Sensory Processing Disorder is when the brain struggles with the ability to filter out stimulus from the senses, which it does not need to function at that time. One of the senses that may be affected is that of temperature. However, sensory temperature issues are not often discussed in their own right. I believe that sensory temperature issues may just be the difficulty at work in many situations, therefore it is best to consider whether there is a problem. This is known as one of the problems with the interoceptive sense.
Sensory Temperature Issues with the Environment
Those with Sensory Processing Disorder may struggle for their brains to regulate the temperature of their bodies in the environment, in the same way neurotypical people do.
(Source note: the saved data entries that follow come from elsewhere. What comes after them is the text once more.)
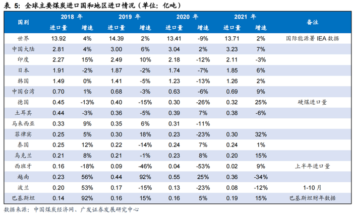 2010年以来,进口煤占我国煤炭表观消费量的比重在5-7%,进口煤已经成为我国煤 炭市场的重要补充,特别是在沿海省份煤炭消费中占比较高。2020年10月以后我国限制了澳洲煤进口,但总体进口量近2年仍保持了增长,2020-2021年分别进口了3.0亿吨(同比+1.8%)、3.2亿吨(同比+6.3%),主要由于增加了对印尼、俄罗斯等国煤炭的进口。其中,2021年我国增加进口印尼煤5474万吨(同比+39%),增加进口俄罗斯煤1743万吨(同比+44%)。
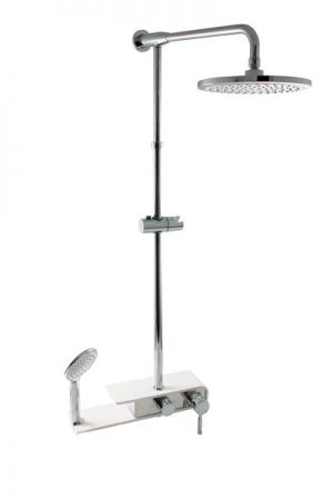 Душевая система с ручной лейкой и верхним душем Rav Slezak Murray MU080.5/1. В комплект входит: Душевая телескопическая штанга длиной 150 см. Ручной душ с резиновыми соплами PS0045CB, Подвижный головной душ PS043CB диаметром 23 см, Керамический переключатель с верхнего на ручной душ.
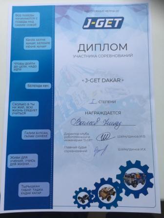 1 место в республиканских соревнованиях "J-GET" (Мухитов Р.)
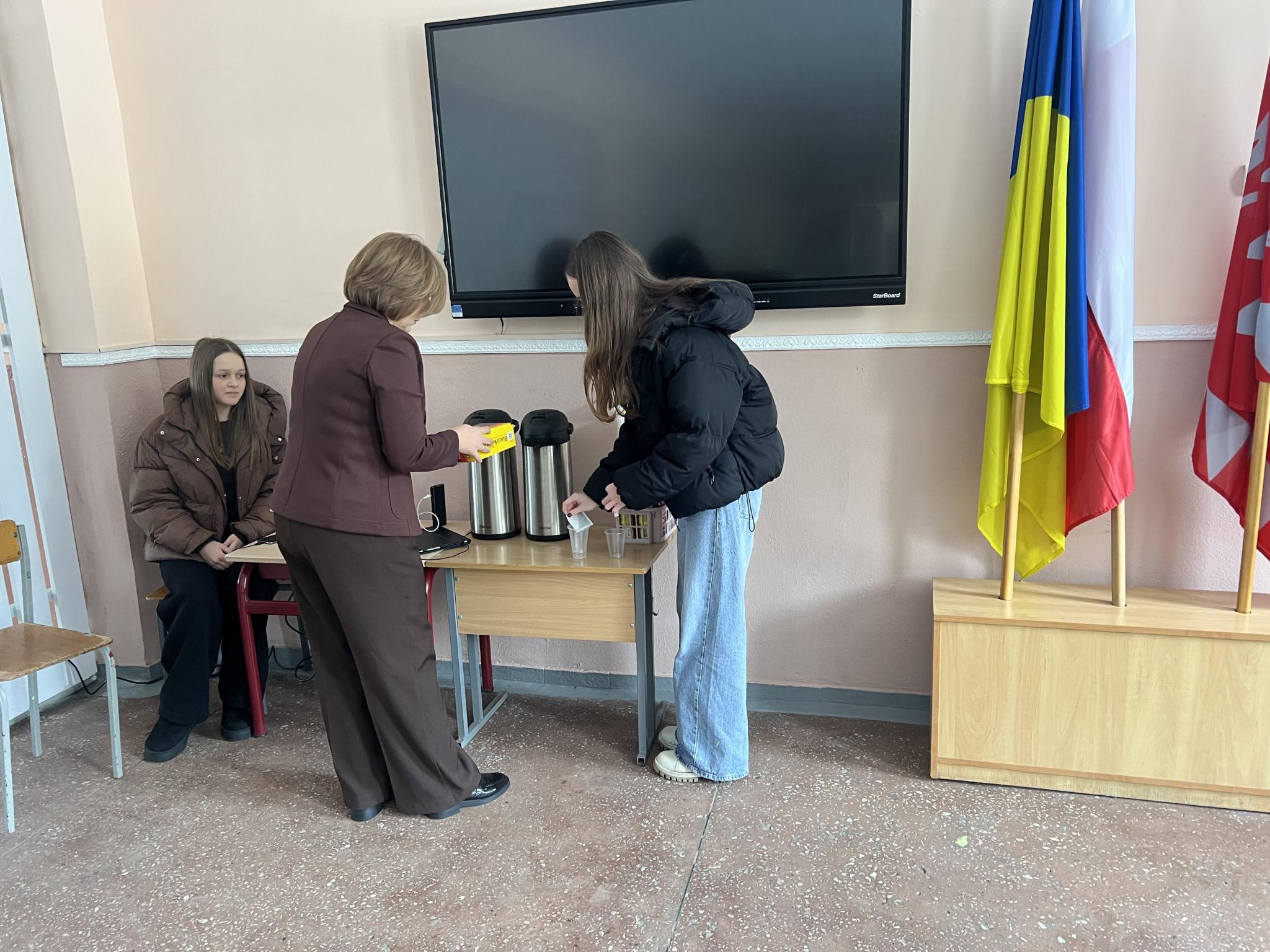 В ліцеї тепло й світло. На столах – термопот і чайник, поруч чай та кава. А до гарячих напоїв – печиво. Працює Wi-Fi, уздовж стін подовжувачі з розетками для зарядки гаджетів. У кутку ковдри. Увімкнене радіо, працює генератор.

For example those with sensory temperature difficulties may feel hot whilst others feel cold.
It may be that they refuse to wear a coat, or in more extreme cases no clothes at all. I have not been diagnosed personally, but often find that when others are cold I feel really hot. Sensory difficulties with temperature can mean that heat can be really unwelcome and make those affected feel ill. Personally my skin goes all tight and itchy, my head hurts, I feel all dizzy and like I cannot breathe. It may be that the individual with Sensory temperature issues is having trouble sweating to cool down (or the opposite they might sweat too much). Read more about Sensory Issues with Clothes.
It is important to make sure that their behaviours ARE sensory temperature related and not just behavioural (such as just not wanting to wear a coat), or other sensory issues such as due to tactile sensory issues (the coat feels uncomfortable due its texture). The main difficulties The Sensory Seeker has with temperature and environment are the fact that he finds snow too cold (but really wants to touch it) and cannot stand having sun lotion on.
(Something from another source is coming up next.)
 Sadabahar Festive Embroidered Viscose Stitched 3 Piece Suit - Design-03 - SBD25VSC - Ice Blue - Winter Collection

Temperature could affect how those with sensory processing disorder/autism react in many situations because the room is either too hot or too cold – including when they are brushing their teeth, refusal to have a bath (which also needs to be the right temperature – some like it really hot, others really cold and others tepid!), eating dinner, going to sleep, etc – make sure that temperature is ruled out!
Sensory Temperature issues with Food
Whether food is the right temperature is not just an issue for those with sensory processing disorder. Have you ever been served something you found too hot or cold? You know that if it is too hot you can blow on it (or wait). That if it’s too cold it will need reheating you simply cannot eat it.
You also will appreciate that there will always be certain foods that you may prefer hot but will eat cold (in my case it is with pizza). The individual with sensory temperature issues is just the same, but may not have the same “tastes” as you.
Also because it is a problem with the brain regulating the sense of temperature, they may not like the temperature to be the same every time! So one day you may cook them scrambled egg and they may like it as soon as it’s cooked, yet another time it is deemed too hot and they wait until it is stone cold before they eat it!
We find that The Sensory Seeker is still developing an understanding of temperature (to regulate things himself) and sometimes needs persuading to try the food again (for example if it was previously too hot but now time has passed we know it will be cooler).
Ways to help with Sensory Temperature Issues
My advice would be to really get to know and understand the individual with sensory temperature issues. Ask yourself if it really is a problem, and why – are they going to get ill for example.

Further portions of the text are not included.